"""Aiohttp transport implementation for :mod:`pyfetcher`.
Purpose:
Provide an async-first transport backed by :mod:`aiohttp`, suitable for
pooled crawling, bounded concurrency, and chunked streaming.
Design:
- A long-lived :class:`aiohttp.ClientSession` owns connector pooling.

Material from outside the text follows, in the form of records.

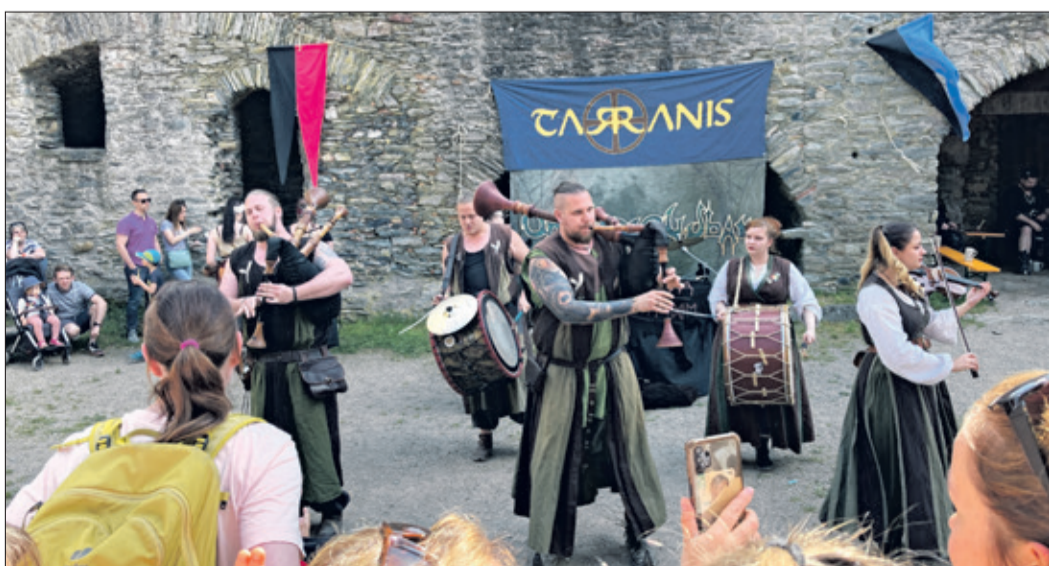
Historische Gewänder und Klangwelten: Die Gruppen Tarranis und hier Unvermeydbar sorgten am Sonntag im oberen Burghof für Atmosphäre und luden zum Mittanzen ein.
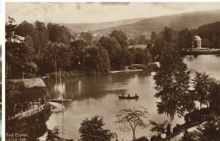
Bad Elster. Luisa-See.
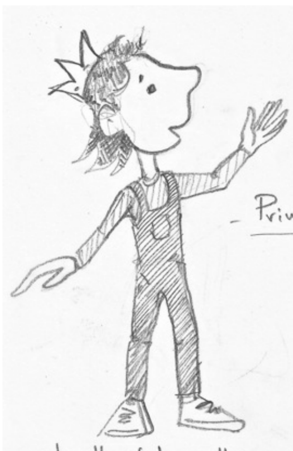
Illustration de Christophe Kiss

Un projet d'adaptation pour le théâtre jeune public (6-12 ans) pour 4 comédiens et 10 marionnettes de table
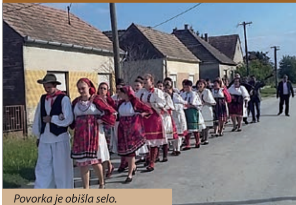
Povorka je obišla selo.
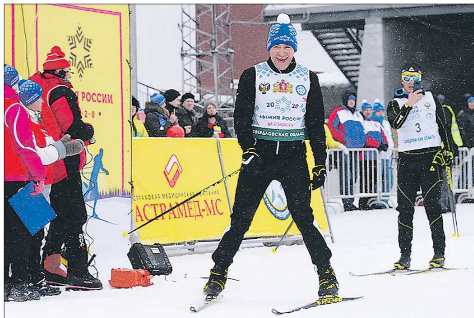
Евгений Куйвашев сначала дал старт выстрелом из пушки мастерской гонке, а затем преодолел 2020 метров в забеге для почётных гостей

В центральной уральской гонке на полигоне «Старатель» приняли участие 17,5 тысячи человек (для сравнения – в прошлом
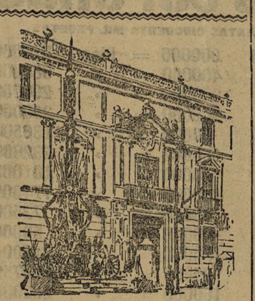
VALLADOLID.—Uno de los trofeos militares colocados frente á la capitanía general, donde se hospedan S. M. y A. A. RR.

ganda; ingenio San José, de Antequera; Azucarera de Villallegre, de Avilés (Oviedo); Azucarera Asturiana, de Yagüé (Oviedo); Azucarera de Lleras, Siero (Oviedo); Santa Victoria, de Valladolid; Nuestra Señora del Pilar, de Gallur (Zaragoza); Azucarera del Rabal, de Rabal (Zaragoza), y Azucarera de Zaragoza, de idem.
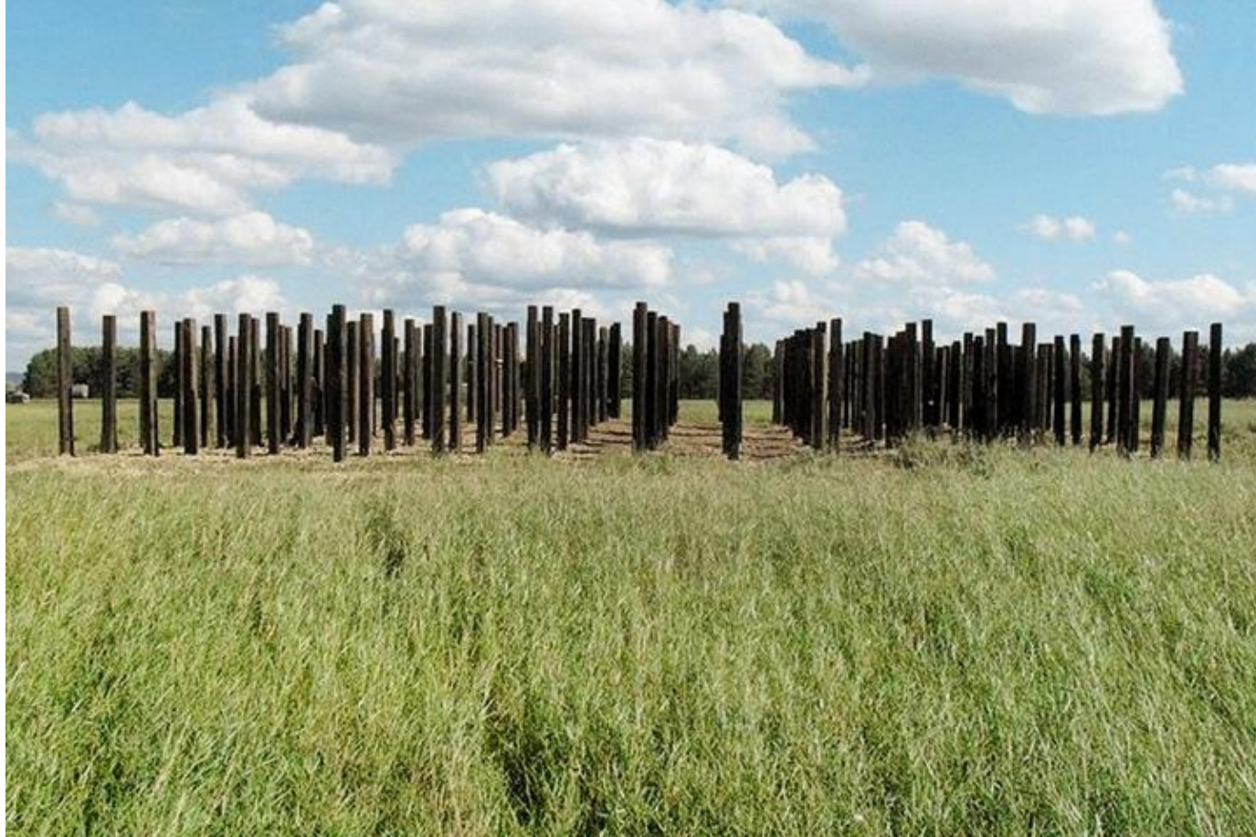
«Сад», 2011. 169 деревянных жд шпал. Мемориально-утопический лэнд-арт объект, г. Канск В рамках X Международного Канского видеофестиваля

- Connector settings come from the shared pool policy embedded in each
request.
- Full fetch and streaming interfaces are both supported.
Examples:
::
>>> transport = AiohttpTransport()
>>> hasattr(transport, "afetch")
True
"""
from __future__ import annotations
from collections.abc import AsyncIterator
from time import perf_counter
import aiohttp
from pyfetcher.contracts.request import FetchRequest
from pyfetcher.contracts.response import FetchResponse, StreamChunk
[docs]
class AiohttpTransport:
"""Async ``aiohttp`` transport with pooled session reuse.

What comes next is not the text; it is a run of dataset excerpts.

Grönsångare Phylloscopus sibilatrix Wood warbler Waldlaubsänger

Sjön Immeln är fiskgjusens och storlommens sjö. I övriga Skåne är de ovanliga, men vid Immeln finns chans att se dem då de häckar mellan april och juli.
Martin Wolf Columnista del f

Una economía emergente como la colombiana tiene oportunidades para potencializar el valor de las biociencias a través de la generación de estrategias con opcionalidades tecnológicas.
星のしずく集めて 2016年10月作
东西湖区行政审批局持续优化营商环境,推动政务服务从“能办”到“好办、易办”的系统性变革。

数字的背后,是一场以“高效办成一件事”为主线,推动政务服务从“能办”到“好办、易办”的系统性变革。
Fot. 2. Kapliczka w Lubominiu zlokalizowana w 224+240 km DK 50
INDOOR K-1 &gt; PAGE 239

Manages a long-lived :class:`aiohttp.ClientSession` that is lazily
created from the first request's embedded policies. The session's
TCP connector provides connection pooling and keepalive management.
Args:
session: Optional externally managed session (caller owns lifecycle).
Examples:
::
>>> transport = AiohttpTransport()
>>> hasattr(transport, "astream")
True
"""
def __init__(self, *, session: aiohttp.ClientSession | None = None) -> None:
self._session = session
self._owns_session = session is None
def _build_timeout(self, request: FetchRequest) -> aiohttp.ClientTimeout:
"""Build an aiohttp timeout from the request's timeout policy.
Args:
request: Fetch request carrying the timeout policy.
Returns:
A configured :class:`aiohttp.ClientTimeout`.
"""
return aiohttp.ClientTimeout(
total=request.timeout.total_seconds,
connect=request.timeout.connect_seconds,
sock_read=request.timeout.read_seconds,
sock_connect=request.timeout.connect_seconds,
)
def _build_connector(self, request: FetchRequest) -> aiohttp.TCPConnector:
"""Build an aiohttp TCP connector from the request's pool policy.
Args:
request: Fetch request carrying the pool policy.
Returns:
A configured :class:`aiohttp.TCPConnector`.
"""
return aiohttp.TCPConnector(
limit=request.pool.max_connections,
limit_per_host=request.pool.max_connections_per_host,
ttl_dns_cache=300,
ssl=request.verify_ssl,
enable_cleanup_closed=True,
keepalive_timeout=request.pool.keepalive_expiry_seconds,
)
async def _get_session(self, request: FetchRequest) -> aiohttp.ClientSession:
"""Get or lazily create the aiohttp session.
Args:
request: Fetch request whose policies configure the session.
Returns:
A configured :class:`aiohttp.ClientSession`.
"""
if self._session is None:
self._session = aiohttp.ClientSession(
connector=self._build_connector(request),
timeout=self._build_timeout(request),
raise_for_status=False,
)
return self._session
[docs]
async def afetch(self, request: FetchRequest) -> FetchResponse:
"""Fetch a request asynchronously.
Args:
request: The fetch request to execute.
Returns:
A normalized :class:`~pyfetcher.contracts.response.FetchResponse`.
Raises:
aiohttp.ClientResponseError: If the response status indicates an error.
"""
session = await self._get_session(request)
start = perf_counter()
async with session.request(
request.method,
request.url.unicode_string(),
params=request.params,
headers=request.headers,
data=request.data,
json=request.json_data,
allow_redirects=request.allow_redirects,
ssl=request.verify_ssl,
) as response:
body = await response.read()
elapsed_ms = (perf_counter() - start) * 1000.0
response.raise_for_status()
return FetchResponse(
request_url=request.url.unicode_string(),
final_url=str(response.url),
status_code=response.status,
headers=dict(response.headers),
content_type=response.headers.get("content-type"),
text=body.decode(response.charset or "utf-8", errors="replace"),
body=body,
backend="aiohttp",
elapsed_ms=elapsed_ms,
)
[docs]
async def astream(self, request: FetchRequest) -> AsyncIterator[StreamChunk]:
"""Stream a request asynchronously.
Yields chunks of the response body as :class:`StreamChunk` objects.
Args:
request: The fetch request to stream.
Yields:
:class:`~pyfetcher.contracts.response.StreamChunk` objects.
Raises:
aiohttp.ClientResponseError: If the response status indicates an error.
"""
session = await self._get_session(request)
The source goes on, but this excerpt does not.